Comparing maximum and minimum values of earnings in each major category, we see that women are earning the minimum salaries in most categories. They earn the maximum salaries in about three major categories. In the category of Production, Transportation and Material Moving, we see that a woman earns the maximun as well as the minimum salary. This is the department with the highest difference in the mean salary too.

  1. We now take a look at the proportion of women in each of the major categories.
summary3 <- jobs_gender %>%
  group_by(major_category) %>%
  summarise(total_female_percent = sum(workers_female)/sum(total_workers)*100,
            total_male_percent = sum(workers_male)/sum(total_workers)*100)  %>% 
  gather(key=gender, value = proportion, total_female_percent:total_male_percent)

ggplot(summary3, aes(x=major_category, y= proportion, fill= gender)) + 
  geom_col(color = "black") + 
  scale_fill_manual(values=c("#37FE00", "#040059"), labels = c("Percentage of Women", "Percentage of Men")) +
  ggtitle("Representation of Women in Each \n Occupational Category") +
  ylab("Propotion Value") +
  xlab("Major Category")+ 
  coord_flip() +
  guides(fill=guide_legend(" ")) + 
  theme(legend.position = "right",
        plot.title = element_text(color = "black", size = 14, face = "bold", hjust = 0.5),
        plot.subtitle = element_text(color = "darkblue", hjust = 0.5),
        axis.title.y = element_text(),
        axis.title.x = element_text(),
        axis.ticks = element_blank())

We see that the category of Natural Resources,Construction and Maintenance is highly male dominated. The healthcare Practitioners and Technical department have largest proportion of women but still have a pay gap of 20%. Service Sales and Office , Management Business have about 50% of women representation.

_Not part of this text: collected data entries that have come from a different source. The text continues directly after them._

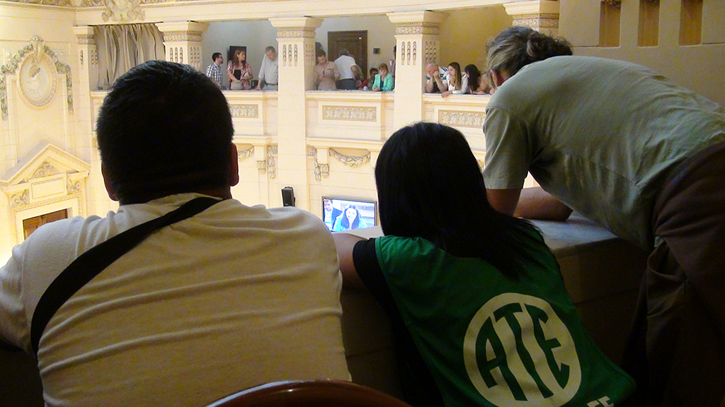En una extensa jornada, los trabajadores fueron dando testimonio de las tareas que desarrollan a lo largo y ancho de la provincia exigiendo que se termine con la precariedad laboral. El primer festejo se dio cuando el diputado que preside la Comisión de Asuntos Constitucionales, Leandro Busatto, quien estaba acompañado por el diputado José María Tessa, se dirigió a los manifestantes para comunicar el dictamen favorable al proyecto, habilitando su tratamiento previa preferencia para el tratamiento sobre tablas por parte de Asuntos Parlamentarios, hecho que ocurrió pasado el mediodía.
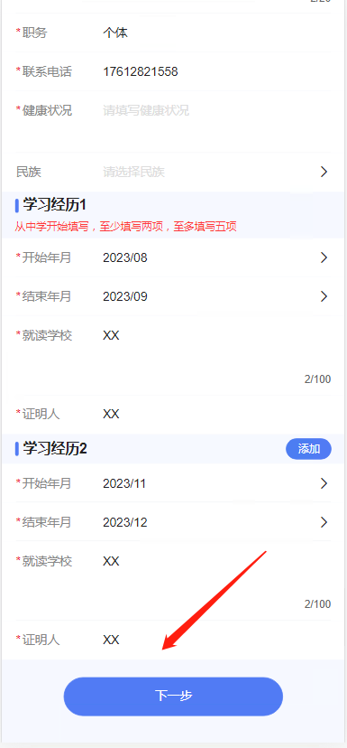 5、填写家庭信息和学习经历,完成后点击下一步。
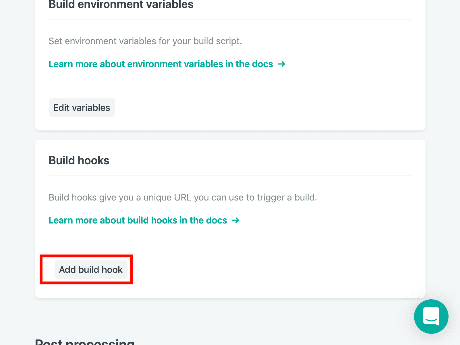 We can now add a build hook that triggers a Netlify re-build. Using the toolbar:
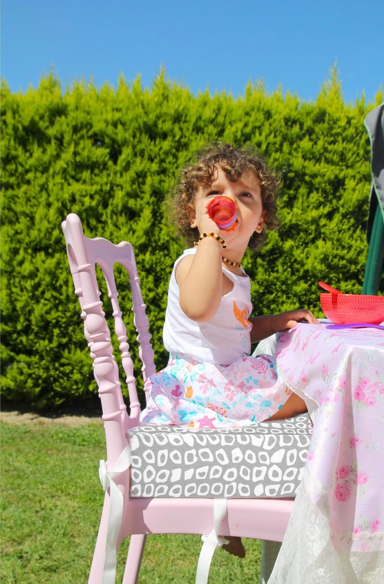 Je kleintje wordt al groot maar zijn kinderstoel groeit niet mee. Dan is dit een ideale tussen oplossing de stoelverhoger van het merk BabyJem. De stoelverhoger is makkelijk te plaatsen en weer er af te halen mocht er op gemorst worden geen probleem de stoelverhoger is makkelijk schoon te maken. De stoelverhoger ziet er ook nog eens mooi uit door de sterren print en zit comfortabel.
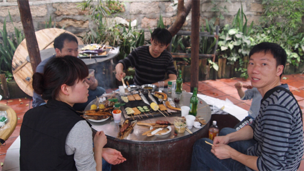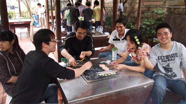 此次燒烤準備有雞翅,秋刀魚、肉串、香腸、玉米,茄子等多種多樣的食材供大家一展身手,燒烤開始時,大家都迫不及待的動起手來,你一串雞翅,我一串肉串,烤的可真開心。有的還這里竄個雞翅吃,那里竄個香腸吃,雖說“懶人好吃”,倒也其樂融融。
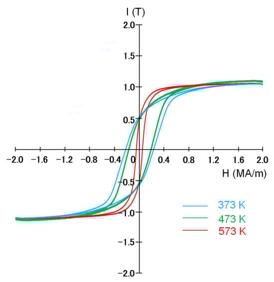 The hysteresis curves of the Fe-N magnets produced at 373, 473, and 573 K by the SPS-DC method.
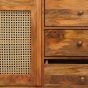 If you’re looking for a small sideboard with a touch of natural charm, the Mango Wood Small 3 Drawer Sideboard is perfect. The one door features a rattan screen, while three drawers provide plenty of storage space. The handmade piece is made of mango wood, with golden metal feet and metal pull handles. Perfect for any living room.
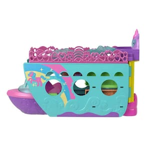 Este brinquedo inclui um barco de brinquedo com temática de unicórnio, que oferece várias opções de brincadeiras com água. Com armário giratório, uma boneca Polly de 7 cm (que muda de cor no maiô quando molhada) e vários acessórios, o conjunto garante diversão para as crianças a partir de 4 anos. Ele se abre para revelar duas piscinas, um toboágua e um espaço perfeito para a Polly e seus amigos se divertirem. As crianças podem interagir com os dois barcos, a boia de flamingo, o balanço de fatias de melancia e muitos outros acessórios para criar uma série de brincadeiras.
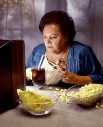 A woman binges on junk food and TV.
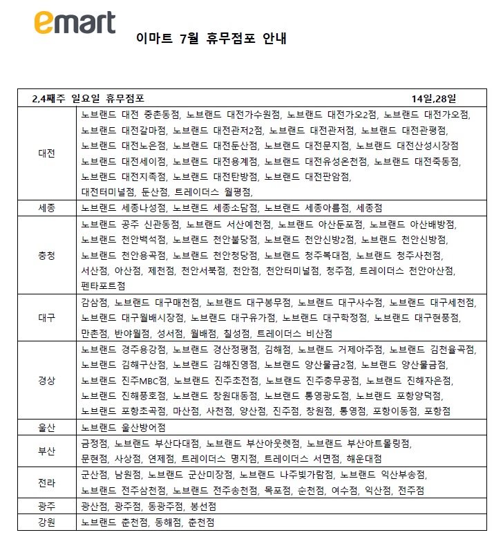 마지막으로 7월 이마트 기타요일 휴무 점포들입니다.
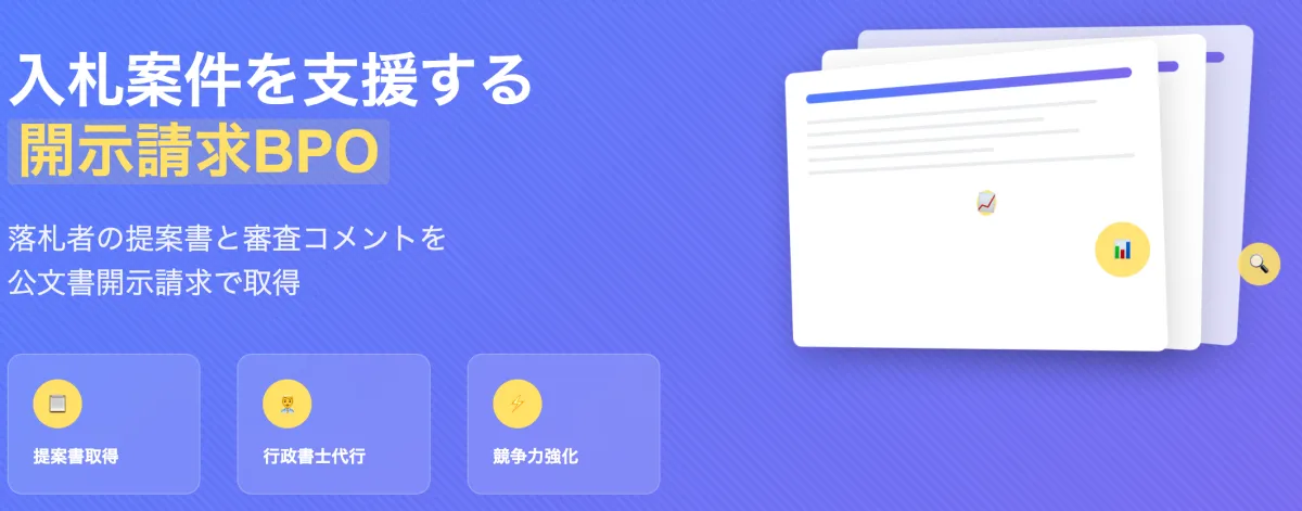 新しい「開示請求BPO」は、行政書士と連携して公文書開示請求業務を代行します。このサービスでは、落札者の提案書や審査員の議事録などを合法的に取得し、次回の入札に向けた戦略を立てるうえでの貴重な情報を提供します。具体的には、以下のような特徴があります。
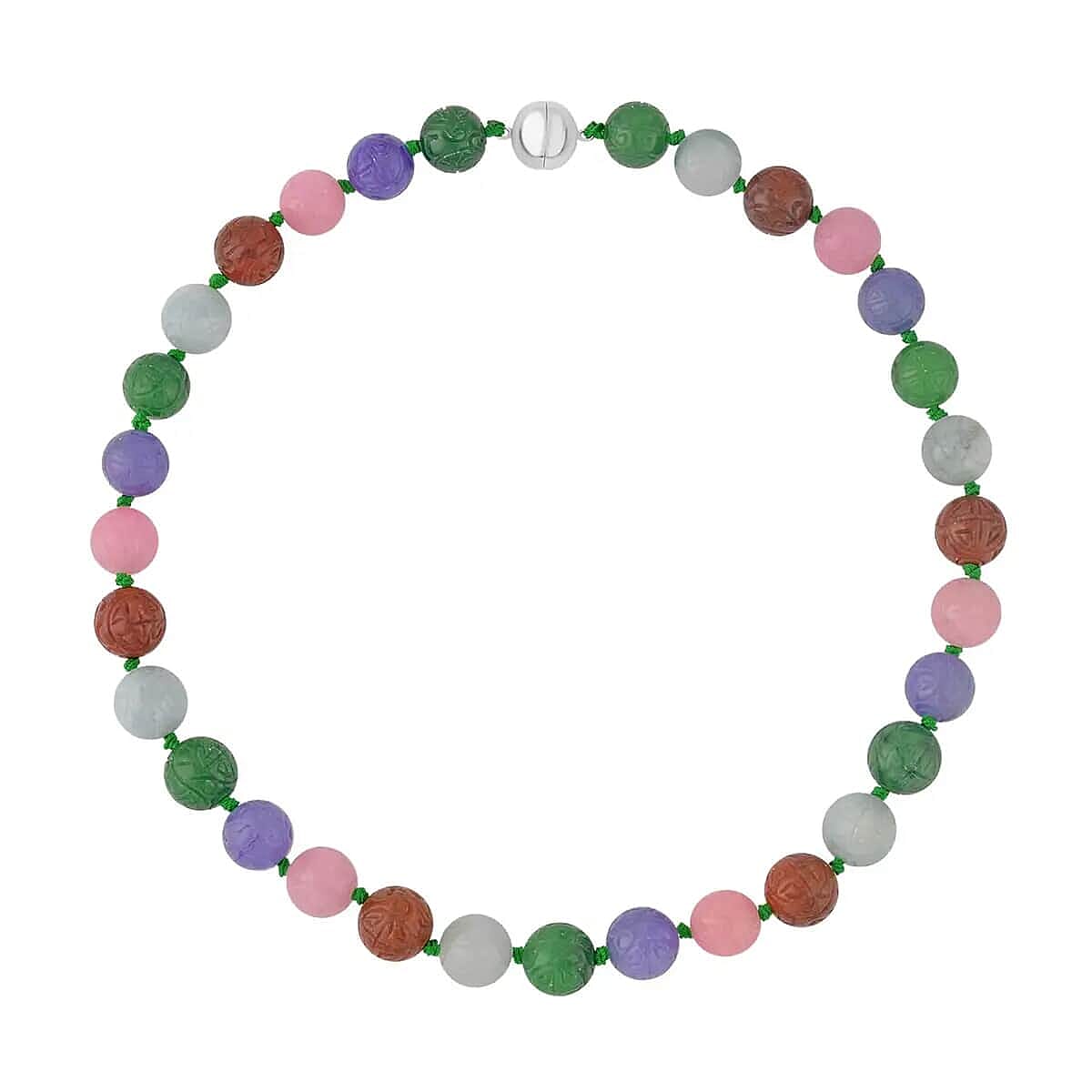 Carved Multi Color Jade Beaded Necklace, 20 inch Sterling Silver Necklace, 13-15mm Jade Beads Necklace 684.00 ctw
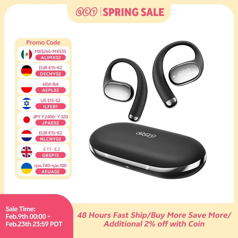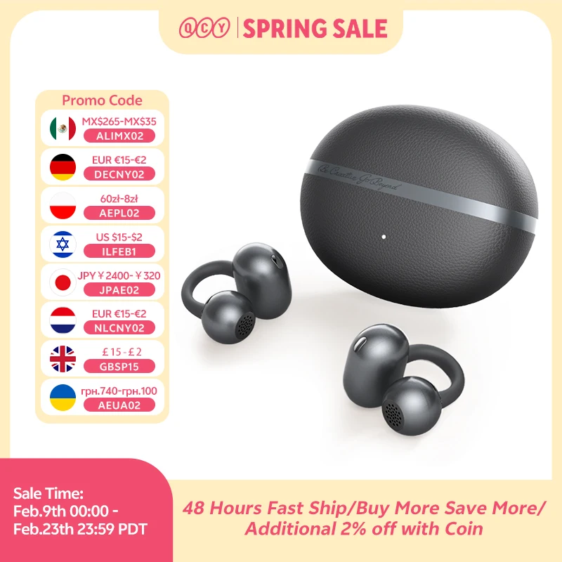 QCY Crossky C50 CT06 Fones de ouvido sem fio abertos Bluetooth 6.0 Ultra-confortáveis com clipe para chamadas IA, reforço de graves, controle de volume adaptável, 35 horas de reprodução, esportes, corrida
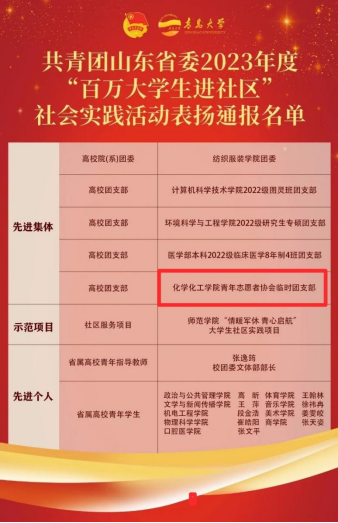 近日,共青团山东省委公布了2023年度“百万大学生进社区”社会实践活动表扬通报名单,我校5个先进集体、1个示范项目、10名先进个人获省级“百万大学生进社区”社会实践项目表彰。其中,我院青岛大学H(氢)心之光志愿服务协会荣获共青团山东省委2023年度“百万大学生进社区”社会实践活动“先进集体”称号。
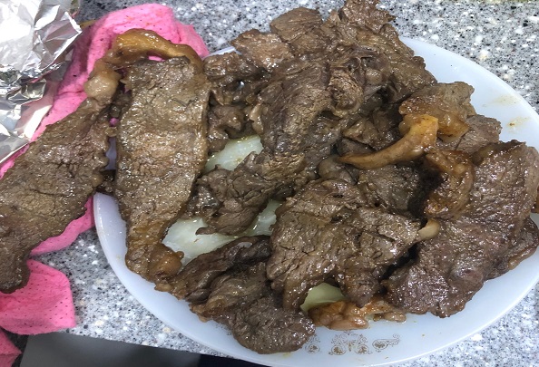 조리를 위해 포장을 뜯어보니 고기 상태가 엉망이었다. 등심은 쪼가리에 불과했고 심지도 여럿 들어있었다.
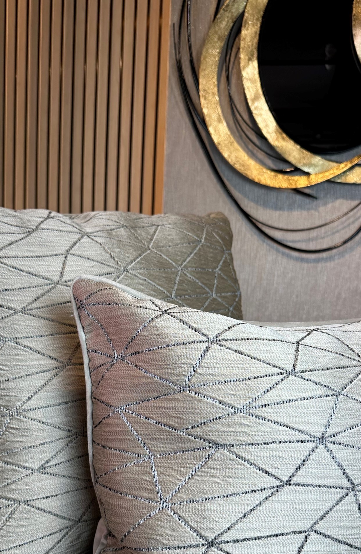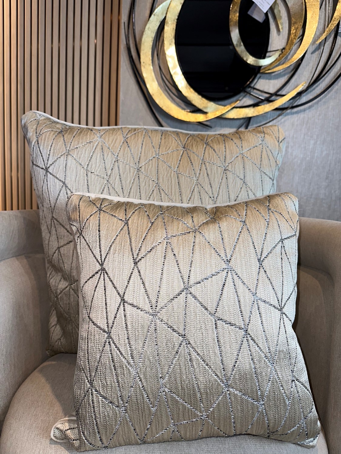 Descripción: Cojín decorativo importado de alta gama con acabados exclusivos de finos textiles

  1. To study the correlation between the earnings of women and their representation in each category, we look at the correlation values.
correlation <- jobs_gender %>% group_by(major_category) %>% 
  summarize(cor =cor(percent_female,wage_percent_female_wrt_male))

kable(correlation) %>%
  kable_styling(bootstrap_options = c("striped", "hover", "condensed", "responsive", "sm"), full_width = F, fixed_thead = T, )
major_category cor
Computer, Engineering, and Science -0.1158826
Education, Legal, Community Service, Arts, and Media 0.0837506
Healthcare Practitioners and Technical 0.2916140
Management, Business, and Financial -0.1011816
Natural Resources, Construction, and Maintenance -0.0228289
Production, Transportation, and Material Moving -0.1330825
Sales and Office 0.2720451
Service 0.0047345

From the above results we can confirm that the represantation of women in an occupational category does not influence their earnings.

5.Now we use the earning females table to visualize the aggregate percentage earnings of female with respect to male for various age categories of women over the years.

data2 <- earnings_female %>%
  group_by(group) %>%
  summarise(average_percent_female = sum(percent)/n()) 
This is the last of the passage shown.